Short-lived http_api tasks skip the pod and run inline as goroutines (capped). Everything else runs pod-per-task, every time. Concurrency is goroutines and pods — no Celery, no triggerer process, no shared worker pool.

A few specifics worth calling out:

  • Leader election is a Postgres advisory lock. No external coordinator. No ZooKeeper, no etcd, no Raft library. It is the kind of decision you can explain to a new hire in 30 seconds.
  • XCom lives in Postgres on Lite (small, no Redis required for laptop dev) and Redis on Pro. 256 KB cap, optional schema validation, last-write-wins.
  • Connections are encrypted at rest with AES-256-GCM and delivered to tasks via Airflow's standard AIRFLOW_CONN_<ID> env var. Postgres / MySQL / SQLite / MSSQL / Redis / HTTP / GCS connectors ship with chain-of-custody-tested integration tests.
  • The agent is a static Go binary, ~15 MB. PID 1 of the task pod. Talks gRPC back to the control plane. Forks one process per task. Does not buffer Python output (-u plus PYTHONUNBUFFERED=1), because watching a SIGKILL race steal half of the user's print() output is its own kind of torment.

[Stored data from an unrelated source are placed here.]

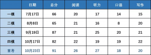 1. 虽然开班模考的成绩很不错,总分达到了66 ,但经过了三周的持续学习和练习,8月8日的二模总分反而下降了1分,听力和口语分数都有所下降。这也是小雨在备考过程中心态最脆弱的时刻,她开始怀疑自己之前的学习方式是不是有问题,暑假里宝贵的三周时间是不是浪费了;
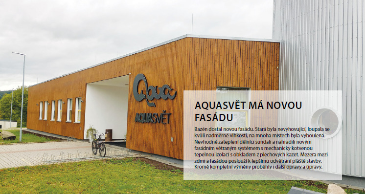 Stavba řešila opravu fasády. Nevyhovující provedení kontaktního zateplovacího systému na vybraných částech bazénového komplexu bylo odstraněno a nahrazeno novým fasádním větraným systémem s mechanicky kotvenou tepelnou izolací s obkladem z plechových kazet. Vzhledem k omezenému rozsahu stavebních úprav lze konstatovat, že stavební úpravy neměly negativní vliv na mechanickou odolnost a stabilitu konstrukcí. Stavba řešila kompletní výměnu skladby vnějšího kontaktního zateplovacího systému na vybraných částech fasády za větraný fasádní systém a další související opravy.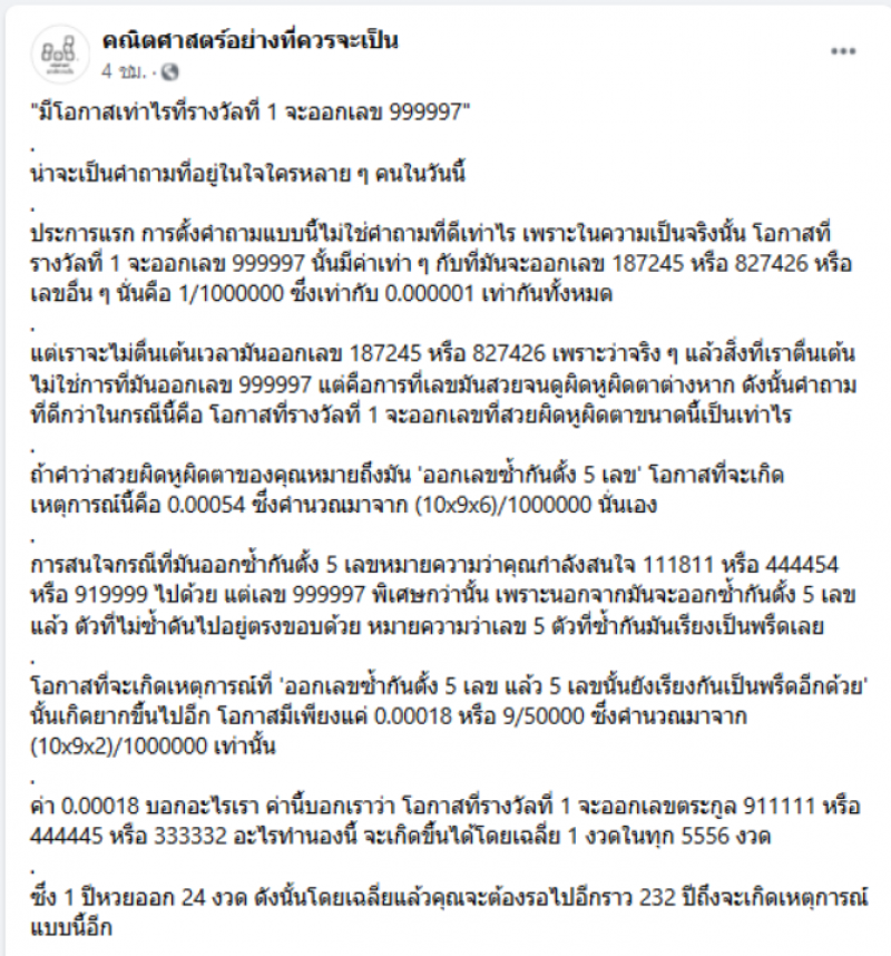 นั่นคือ ค่า 0.00018 บอกเราว่า โอกาสที่รางวัลที่ 1 จะออกเลขตระกูล 911111 หรือ 444445 หรือ 333332 อะไรทำนองนี้ จะเกิดขึ้นได้โดยเฉลี่ย 1 รอบในทุก 5,556 รอบ ซึ่ง 1 ปี เลขออก 24 รอบ ดังนั้นโดยเฉลี่ยแล้วคุณจะต้องรอไปอีกราว 232 ปี ถึงจะเกิดเหตุการณ์แบบนี้อีก นับว่าวันนี้ เราทุกคนได้เป็นส่วนหนึ่งของเหตุการณ์ประวัติศาสตร์นี้ร่วมกัน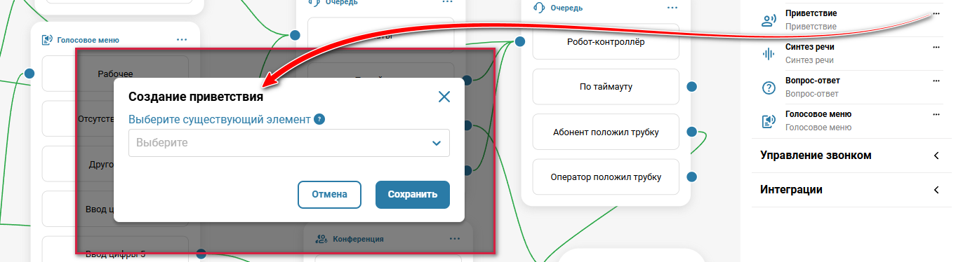 - Для редактирования элемента — нажмите на три точки, затем на кнопку в виде шестерёнки. В модальном окне «Редактирование элемента сценария» выберите форму приветствия:

The numbers (the only honest part of any orchestration README)

We are not going to claim "1000× faster" because nobody who has run real pipelines believes you. Here is what falls out of replacing the control plane:

Feature Airflow today Leoflow
Scheduler decision latency 3–10 s per task <200 ms — native Go, no GIL
Sensor concurrency ~500 (asyncio Triggerer) 100,000+ — each sensor is a 2 KB goroutine
DAG parsing cost Re-parsed every scheduler loop Zero — dag.json is precompiled, immutable
Worker lifecycle Long-lived, leak-prone Ephemeral pod per task — spawn, run, die
Worker image size 1.5 GB+ Airflow base ~200 MB typical — each DAG is its own slim image
Dependency isolation Workaround via KubernetesPodOperator Native — every DAG is a container
Cold start 15–45 s 2–5 s target — agent is a 15 MB static binary
Observability Retrofitted with effort Native — Prometheus + OpenTelemetry + structured logs from commit one

These are the structural wins. The marketing-grade "X× faster" depends on your DAG. The scheduler latency drop is universal.

What it is not (because we have all read those launch posts)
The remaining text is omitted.